President Biden, pressed by lawmakers to take action on the expired home eviction moratorium, called on states to use the nearly $47 billion in unspent rental assistance included in the coronavirus relief packages passed by Congress to aid renters and homeowners after the ban expired over the weekend.
The administration suggested that course of action on Monday following the Supreme Court’s decision in June that the Centers for Disease Control and Prevention does not have the authority to extend the ban.
The ruling pushed the matter to Congress.
”As the administration made clear last week, there is no excuse for any state or locality not to promptly deploy the resources that Congress appropriated to meet the critical need of so many Americans,” White House press secretary Jen Psaki said in a statement.
“This assistance provides the funding to pay landlords current and back rent so tenants can remain in their homes or apartments, not be evicted. No one in America should be evicted when federal funds are available, in the hands of state and local government, to pay back rent due,” it said.
The White House said it encouraged the CDC on Sunday to extend the moratorium using executive action.
But “to date, CDC Director Rochelle Walensky has been unable to find legal authority for a new, targeted eviction moratorium,” the statement said, adding that the administration is still searching for legal solutions.
The funds were included in the coronavirus relief act passed last December and the American Rescue Plan approved in March.
“We have to really just call a spade a spade — we cannot in good faith blame the Republican Party when House Democrats have a majority,” she said Sunday on CNN’s “State of the Union.”
The White House has been under pressure from House Speaker Nancy Pelosi and members of Congress’ far-left “Squad” members to extend the eviction moratorium.
Rep.

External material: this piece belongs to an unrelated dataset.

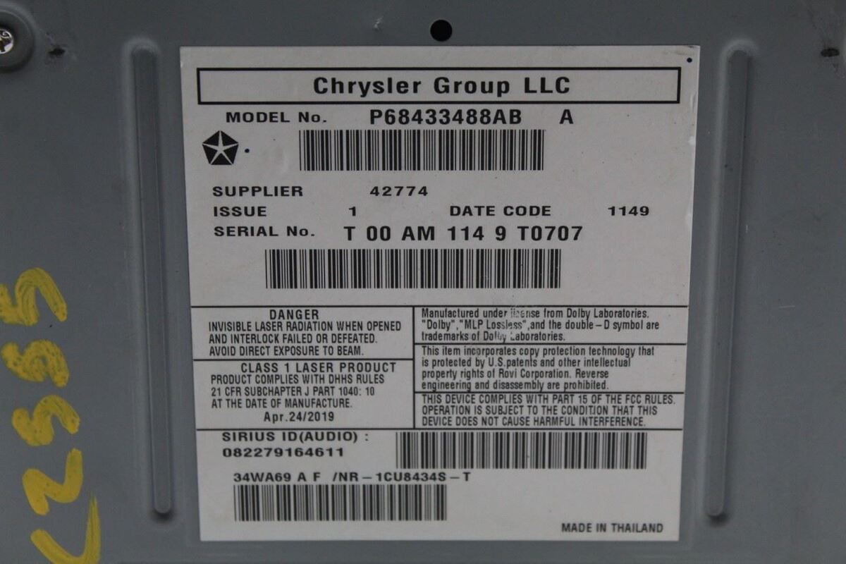 TOWN COUNTRY 13-15 receiver, w/navigation, face plate ID RHB, w/satellite radio
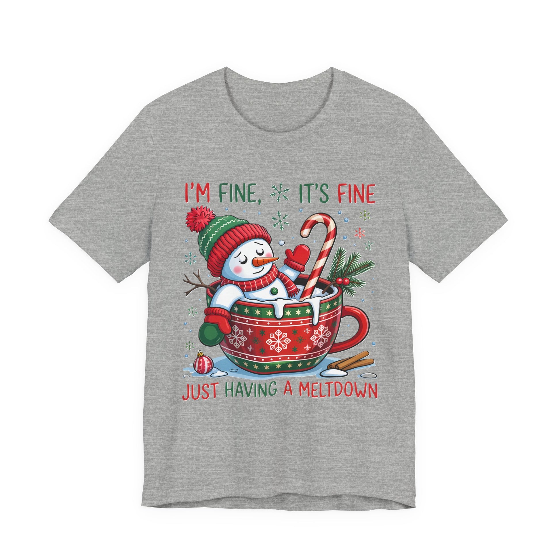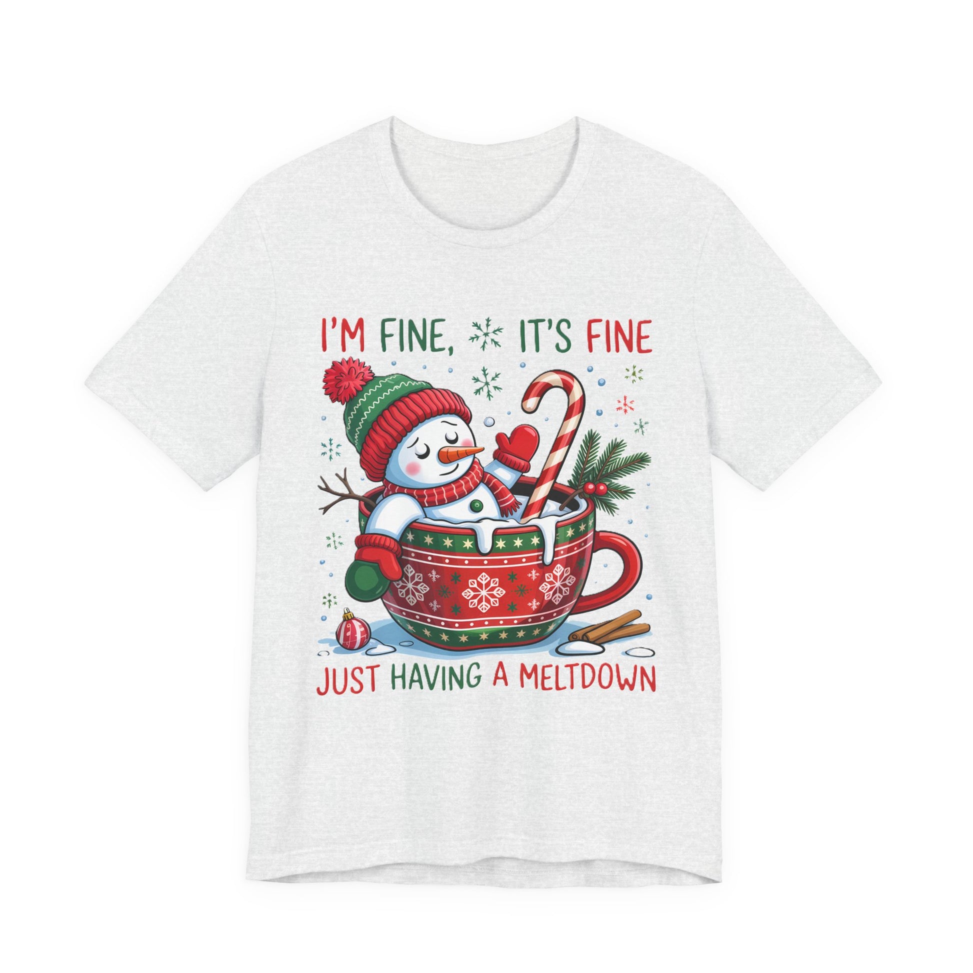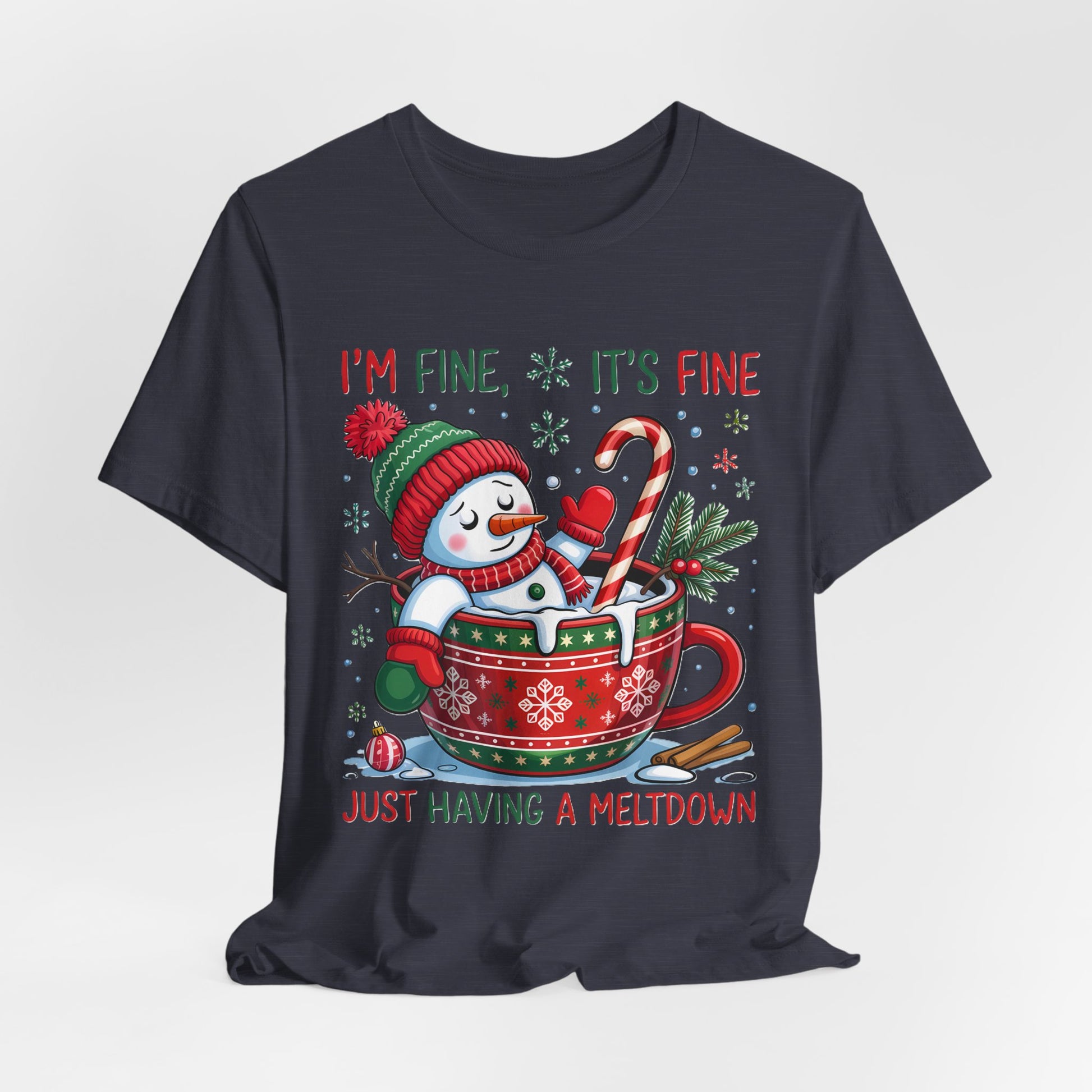 Melting Snowman Christmas Tee - "I'm Fine, It's Fine Just Having a Meltdown" Holiday T-Shirt

Alexandria Ocasio-Cortez slammed the White House and her Democratic colleagues for failing to extend the ban.
The Bronx Democrat urged leadership to reconvene the House to take care of the moratorium.
“The fact of the matter is that the problem is here, the House should reconvene and call this vote and extend the moratorium,” AOC said. “There’s about 11 million people that are behind on their rent at risk of eviction. That’s one out of every six renters in the United States.”
Pelosi said it was “unfathomable” that about 3.6 million Americans could be tossed from their homes during the coronavirus pandemic, and members of “The Squad” camped out on the Capitol steps over the weekend to press the White House to extend the ban.
Democratic congressional leaders said it was up to the president to act after Congress left for August recess after failing to pass legislation over the weekend to extend it.
“It is clear that the Senate is not able to [extend the ban], and any legislation in the House, therefore, will not be sufficient,” Pelosi wrote in a letter to the White House. “Action is needed, and it must come from the administration.”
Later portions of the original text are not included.